Despite widespread outrage over Moscow's war in Ukraine, only a small number of Western companies have deserted Russia, according to a Swiss study.
Researchers at the University of St. Gallen and at the IMD institute in Lausanne have delved into how many companies based in the European Union and in G7 countries have actually divested from Russia since its full-scale invasion of Ukraine began last February.
Their findings reveal "a very limited retreat of EU and G7 firms from Russia, (and) challenge the narrative that there is a vast exodus of Western firms leaving the market," St.
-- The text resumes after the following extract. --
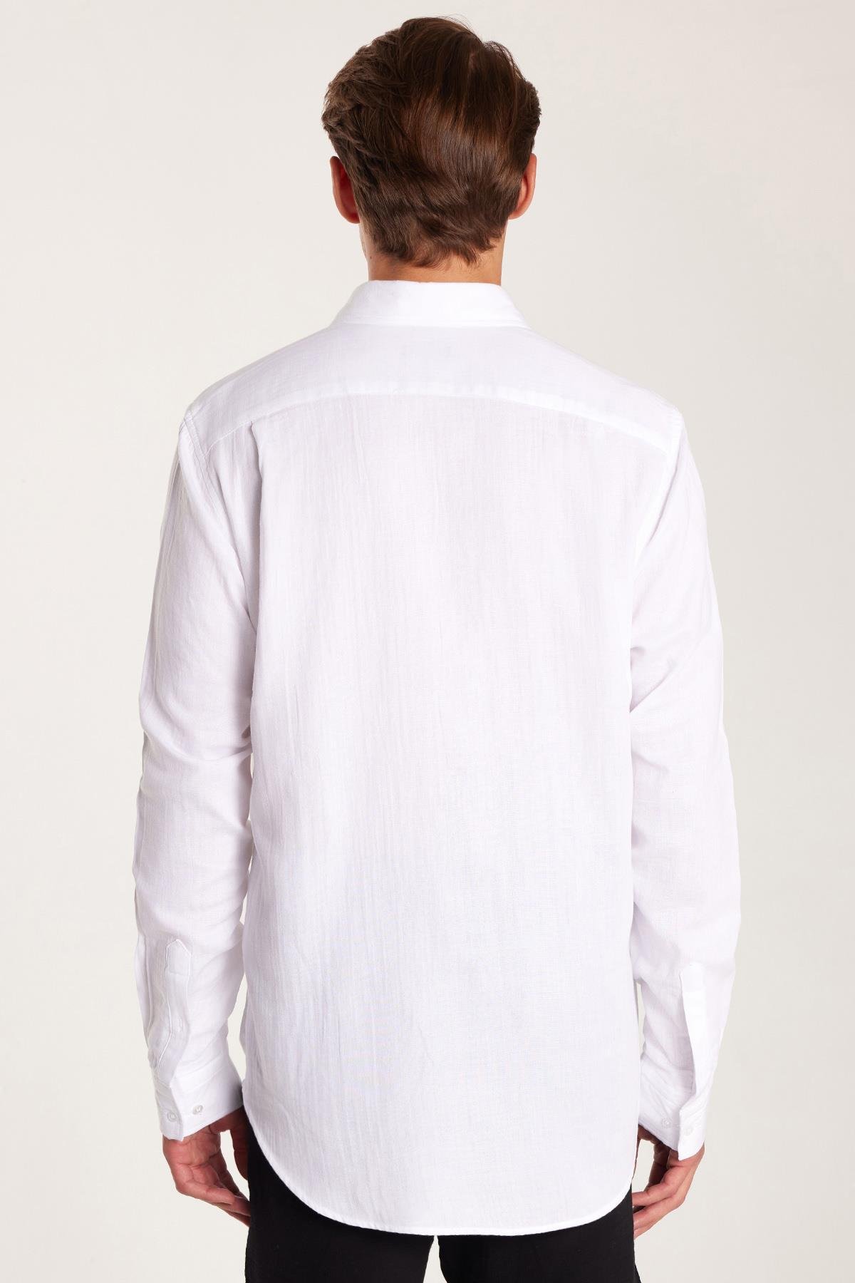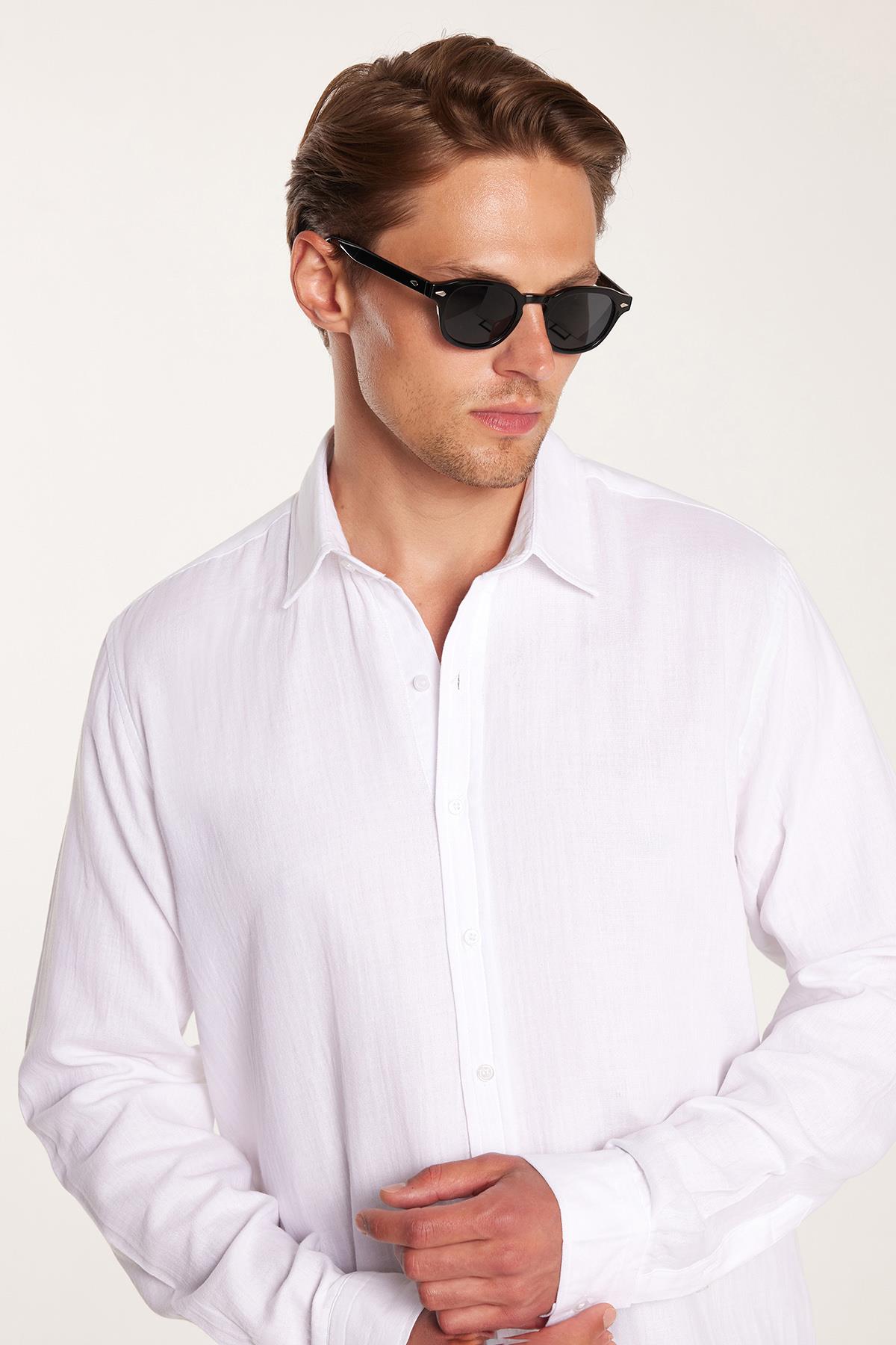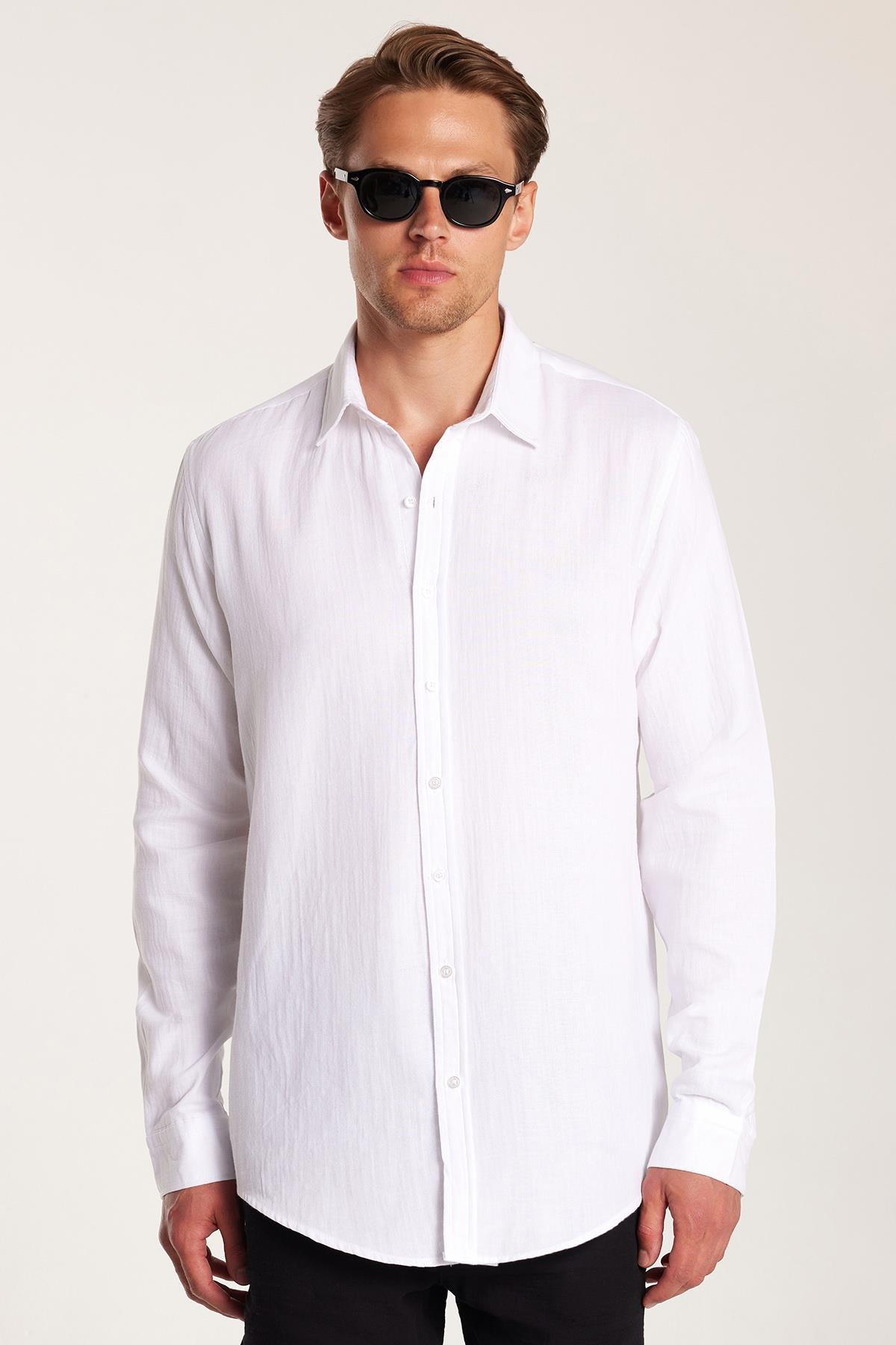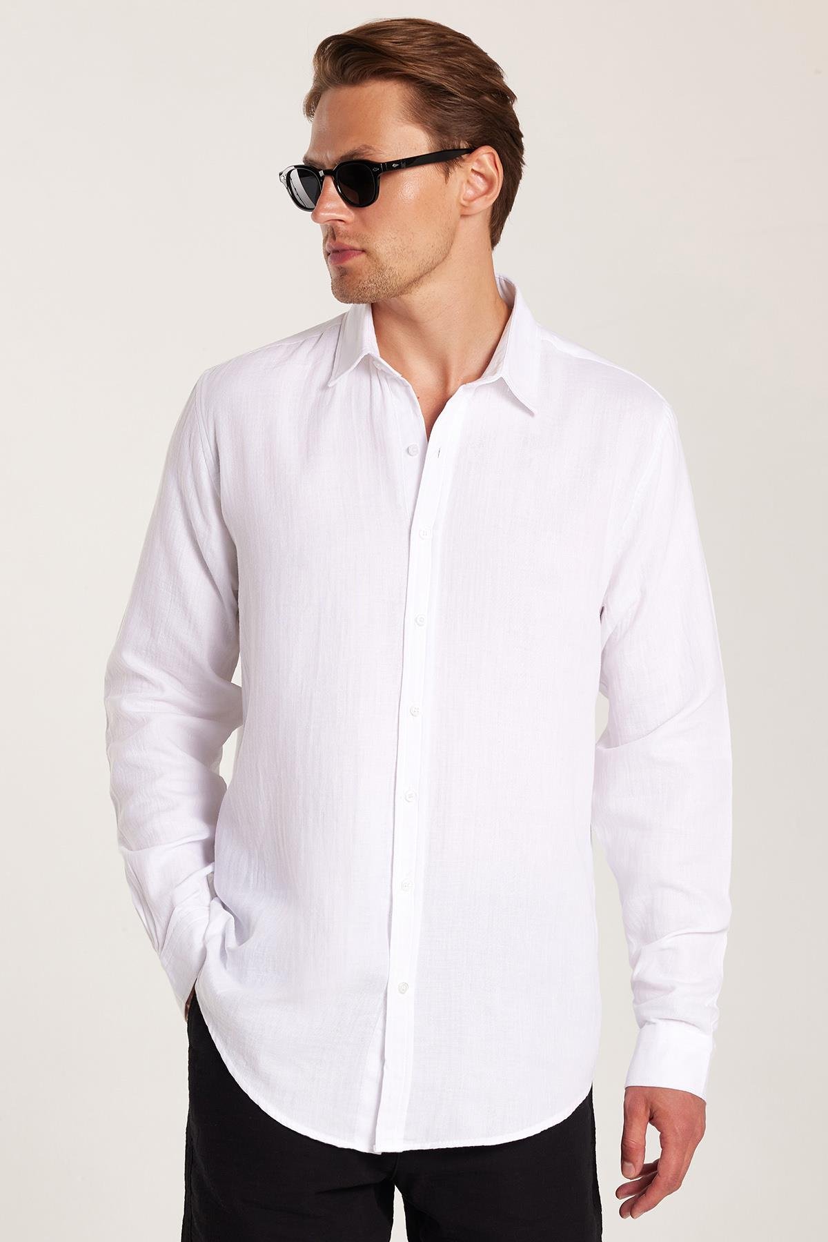 Erkek Slim Fit Dar Kesim Uzun Kollu %100 Pamuk Keten Doku Düz Biyeli Beyaz Gömlek (DR230054-4008)

Gallen University said in a statement Thursday.
"In effect, many firms headquartered in these nations have resisted pressures from governments, the media, and NGOs to leave Russia since the invasion of Ukraine."
The study, which was published last month by the online Social Science Research Network (SSRN) -- a publisher of "pre-print" studies not subjected to scientific peer-review -- showed that only less than 10 percent of EU and G7 companies with Russian subsidiaries had divested them.
When Moscow launched its invasion, 1,404 companies based in the EU and the G7 counted a total of 2,405 subsidiaries that were active in Russia, the study showed.
By late November, only 120, or about 8.5 percent of those companies, had divested at least one subsidiary in Russia, study authors Niccolo Pisani and Simon Evenett found.
There were more confirmed exits by companies headquartered in the United States than those based in Europe and Japan.
But even with the United States, fewer than 18 percent of U.S. subsidiaries operating in Russia had been completely divested since the invasion began, the study showed.
By contrast, 15 percent of Japanese firms and only 8.3 percent of EU firms had divested from Russia, it said.
Of those who have left their Russian subsidiaries in place, 19.5 percent are German and 12.4 percent are U.S.-owned, according to the study.
The research also showed that the exiting Western firms only accounted for 6.5 percent of the total profit before tax of EU and G7 firms with active commercial operations in Russia.
They meanwhile accounted for 15.3 percent of the total number of employees working for such firms in Russia.
This indicates that, on average, the exiting firms tended to have lower profitability and larger workforces than the firms that remain in Russia, the study said.
These findings, the university statement said, "call into question the willingness of Western firms to decouple from economies their governments now deem to be geopolitical rivals."